## WORK TASK
Write out the following listing's lines from the one with "Ownership: | 100.0000000000% |" to the one with "Kahramanmaraş’ta 2014 yılında", exactly, with both included and no others.

## RECORDED DATA
********

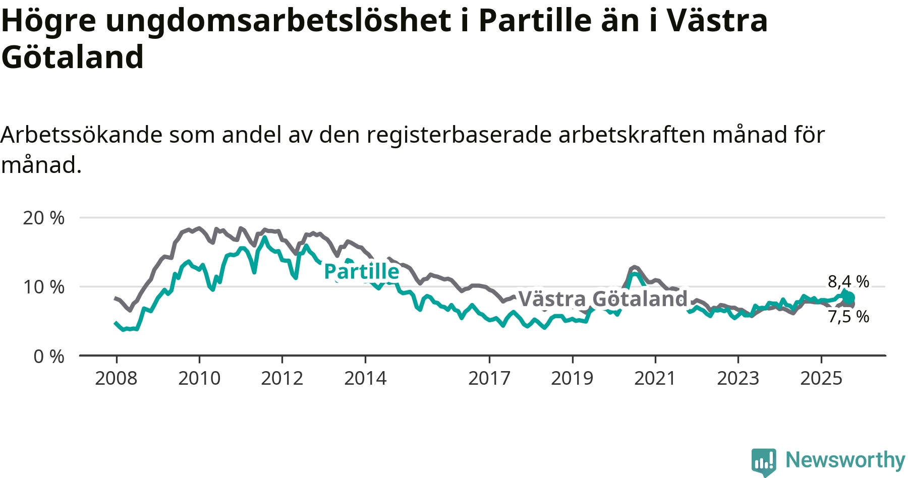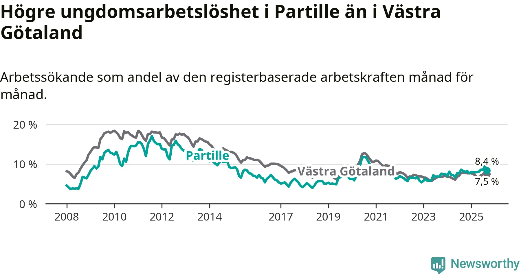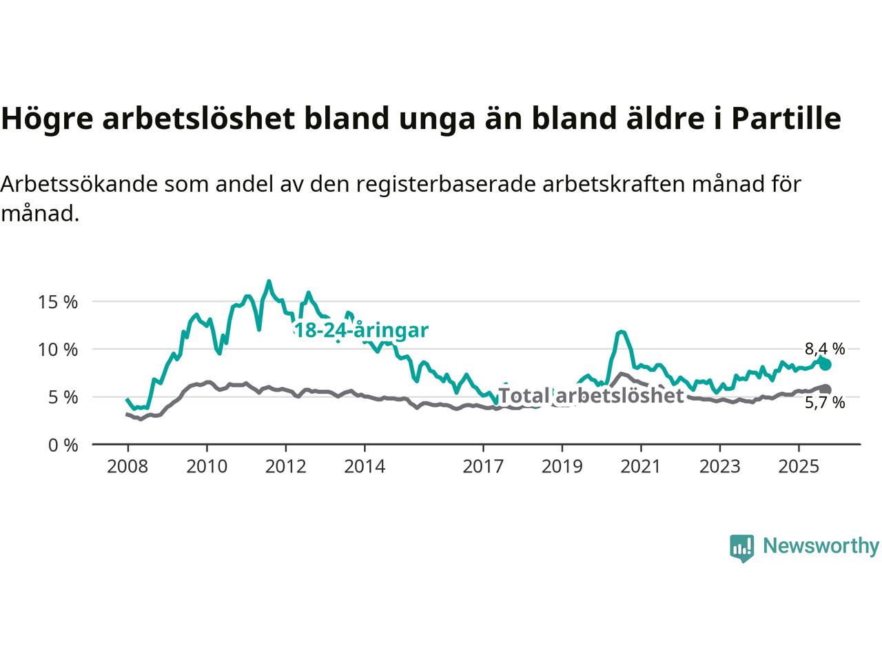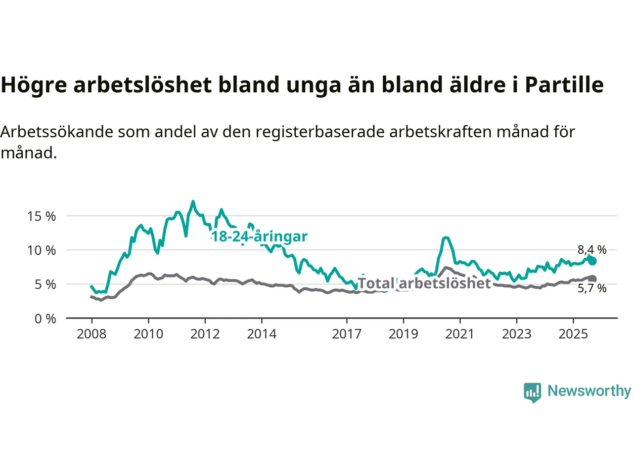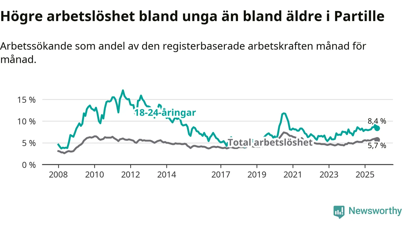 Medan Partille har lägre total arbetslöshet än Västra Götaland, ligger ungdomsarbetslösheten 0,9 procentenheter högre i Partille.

********

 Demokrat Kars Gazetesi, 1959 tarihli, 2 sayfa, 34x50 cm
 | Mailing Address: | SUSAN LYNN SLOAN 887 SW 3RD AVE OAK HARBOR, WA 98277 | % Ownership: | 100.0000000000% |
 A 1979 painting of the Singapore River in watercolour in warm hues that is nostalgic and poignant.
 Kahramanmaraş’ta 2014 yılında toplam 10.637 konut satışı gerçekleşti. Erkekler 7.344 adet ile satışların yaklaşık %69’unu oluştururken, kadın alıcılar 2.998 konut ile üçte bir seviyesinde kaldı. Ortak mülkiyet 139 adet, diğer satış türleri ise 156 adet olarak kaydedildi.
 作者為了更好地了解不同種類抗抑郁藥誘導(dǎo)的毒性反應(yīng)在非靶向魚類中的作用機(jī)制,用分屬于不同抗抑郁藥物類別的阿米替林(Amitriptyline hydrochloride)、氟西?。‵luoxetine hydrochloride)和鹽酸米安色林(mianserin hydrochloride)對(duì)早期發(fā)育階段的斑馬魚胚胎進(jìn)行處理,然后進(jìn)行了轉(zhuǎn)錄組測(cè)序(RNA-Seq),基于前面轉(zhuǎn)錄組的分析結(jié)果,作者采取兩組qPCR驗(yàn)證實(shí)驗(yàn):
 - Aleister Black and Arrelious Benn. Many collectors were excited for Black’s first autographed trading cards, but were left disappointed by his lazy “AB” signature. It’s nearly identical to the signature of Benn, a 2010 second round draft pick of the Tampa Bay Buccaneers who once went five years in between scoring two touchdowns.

********

## YOUR SOLUTION
 | Mailing Address: | SUSAN LYNN SLOAN 887 SW 3RD AVE OAK HARBOR, WA 98277 | % Ownership: | 100.0000000000% |
 A 1979 painting of the Singapore River in watercolour in warm hues that is nostalgic and poignant.
 Kahramanmaraş’ta 2014 yılında toplam 10.637 konut satışı gerçekleşti. Erkekler 7.344 adet ile satışların yaklaşık %69’unu oluştururken, kadın alıcılar 2.998 konut ile üçte bir seviyesinde kaldı. Ortak mülkiyet 139 adet, diğer satış türleri ise 156 adet olarak kaydedildi.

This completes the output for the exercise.